Simultaneously new expenses appear: school fees for more literate children, longer
periods of unemployment due to the instability of the labour market, reduced social
help and subsidies, funds needed to create a small business for those made
redundant, the cost of a passport for those who want to migrate to the Gulf
(sometimes 100 000 rs), an increasing financial pressure created by consumer society
to keep up appearances. For unemployed or badly paid men, frustrated and
humiliated, often obliged to cling to traditional groups and values to survive, debts
and needs increase. The dowry is often a difficult issue and wives may be harassed,
threatened, beaten, attacked with acid or burnt by their husbands. Even in Kerala,
where the status of women is very advanced, crimes against women increased by
40% between 1990 and 1997.4 Dalits are always among the poorest of the poor in
urban areas as much as in rural ones. The politicians recruit thugs from these
sections of the population that they despise so much.

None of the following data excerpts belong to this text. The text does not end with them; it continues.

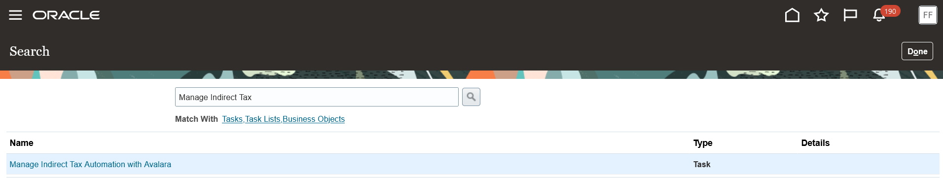 You need to have a job role assigned that has the privilege Manage Tax Partner Configuration (ZX_MANAGE_PARTNER_CONFIGURATIONS_PRIV) to access the Manage Indirect Tax Automation with Avalara page. The Tax Administrator role has this privilege so you can access the page if you have this role assigned.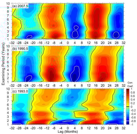 The correlation coefficients between the lower stratospheric and lower mesospheric EP–12, as functions of lag time and examining period centered over three epochs of (a) 2007.5, (b) 1990.5, and (c) 1993.0, respectively.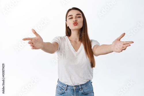 Come into my arms. Beautiful romantic girl kissing and stretching hands, reaching forward to hold you, embracing friend or lover, going to kiss person and hug, standing over white background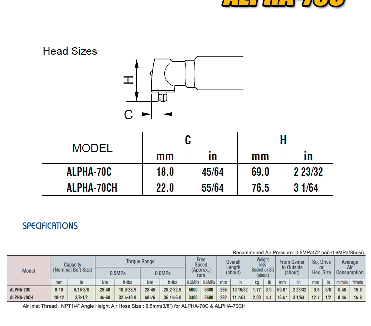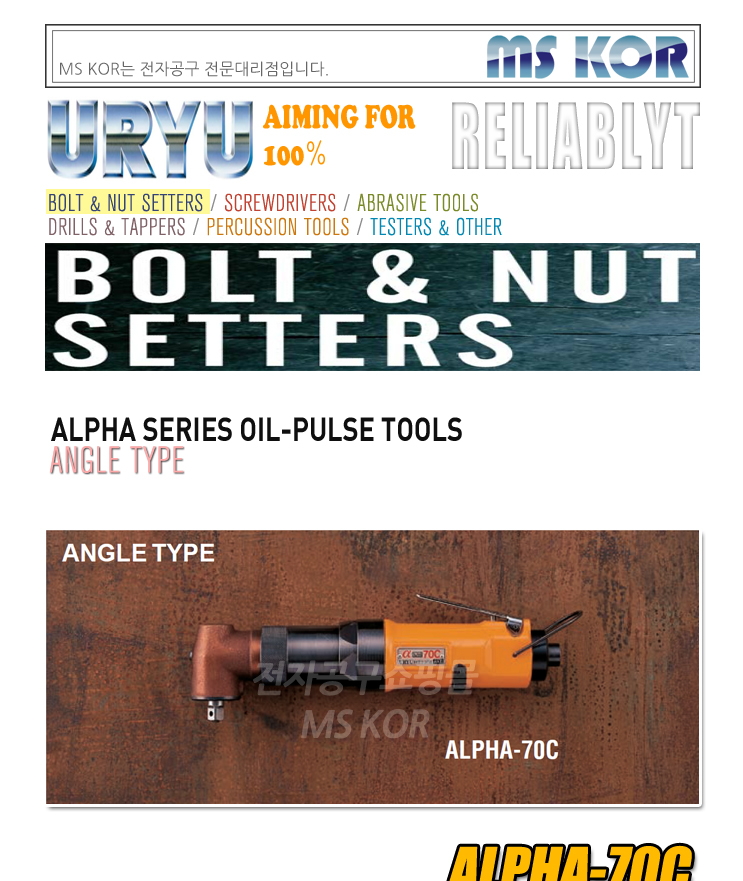 URYU OIL-PULSE Driver (ANGLE-TYPE) ALPHA-70C, Torque Range 25~40, 28~45Nm, Bolt Size 8~10mm, 6000, 6300 RPM, Hex Size 9.5mm, Air Wrench, Screwdriver
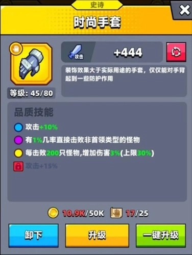 手套:带时尚手套,1%秒杀精英怪这个属性总会给你惊喜,金时尚手套,5分钟左右就能击败2000只怪物,增加我们30%的伤害,这个属性确实猛。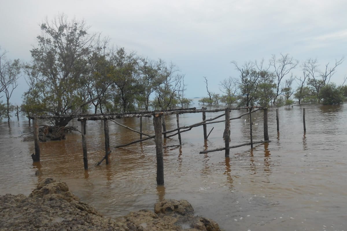 Keterangan foto utama: Abrasi yang terjadi di Teluk Nibung, Riau. Pertahanan dari mangrove yang menipis, menyebabkan daratan terus terkikis. Foto: Suryadi/ Mongabay Indonesia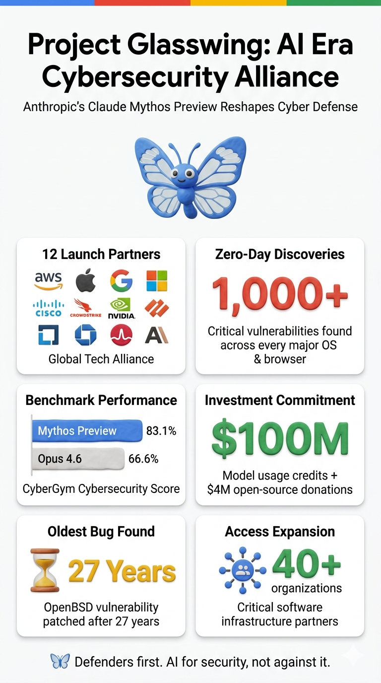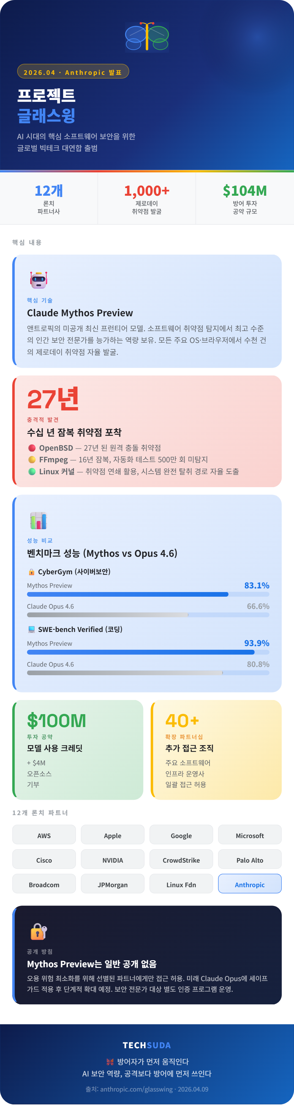 ▶ 앤쓰로픽이 AWS·애플·구글·마이크로소프트 등 12개 글로벌 빅테크와 함께 '프로젝트 글래스윙(Project Glasswing)'을 출범하며 AI 시대 사이버보안 대연합을 발족했다.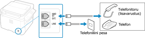 Ühendage kaasasolev telefonijuhe seadme telefoniliini pessa (LINE) ja seejärel telefoniliini seinapistikupessa.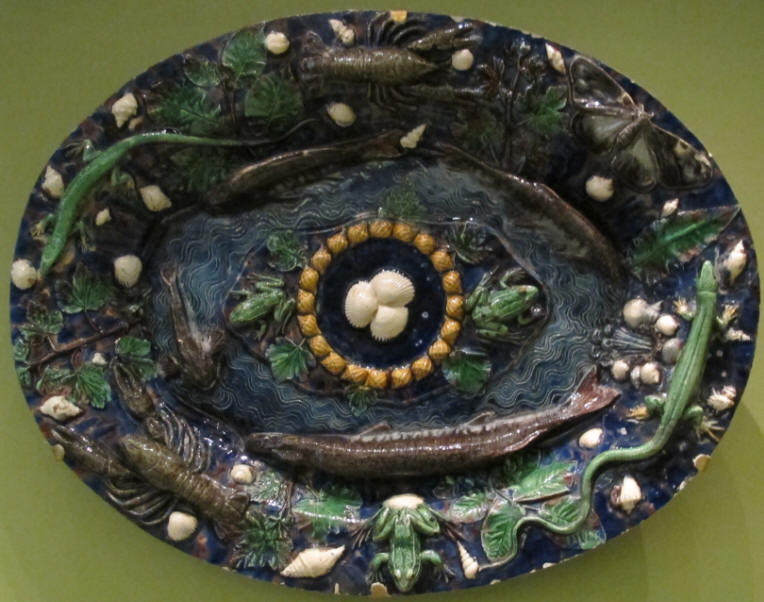 Palissy ware = dishes covered with coloured models from nature, such as fish, in high relief. After Bernard Palissy (1510–1590). |

What the Commonwealth institutions call democracy is actually the opposite of it.
They do not understand and sometimes do not want to understand that a sound
democracy needs development, and that the present policy of growth without
development, what we call liberal globalization, is a factor of regression not only for
excluded men and women, but also for the rich who try to built a society which
doesn’t listen to the majority of citizens and even scorns them. Every day, in the
Mecca of high technology and successful globalization, Bangalore, the Indian Silicon
Valley, women are threatened not because of old Indian traditions, but because of
the living conditions, the anomie and the despair created by what is called progress
or (post-)modernity. Formal democracy imposed by the elites always betrays the
people, as Noam Chomsky once said: ‘‘it is when the threat of popular participation
is overcome that democratic forms can be safely contemplated’’.5

Notes
1. Radhakrishnan, P. (2006) Religion, Caste and the State (Bangalore: Rawat Publications), pp. 102–131.
2. Bandhu, P. (2007) Dalit Situation in South India (Bangalore: NEPA).
3. Teltumbde, A. (2005) Hindutva and Dalits (Calcutta: Samya).
4. Bandhu, P. (2001) Dalit Situation in South India, pp. 156–166.
5. Quoted by Slavoj Zizek, ‘‘Democracy versus the people’’, New Statesman, 18 August 2008, p. 46.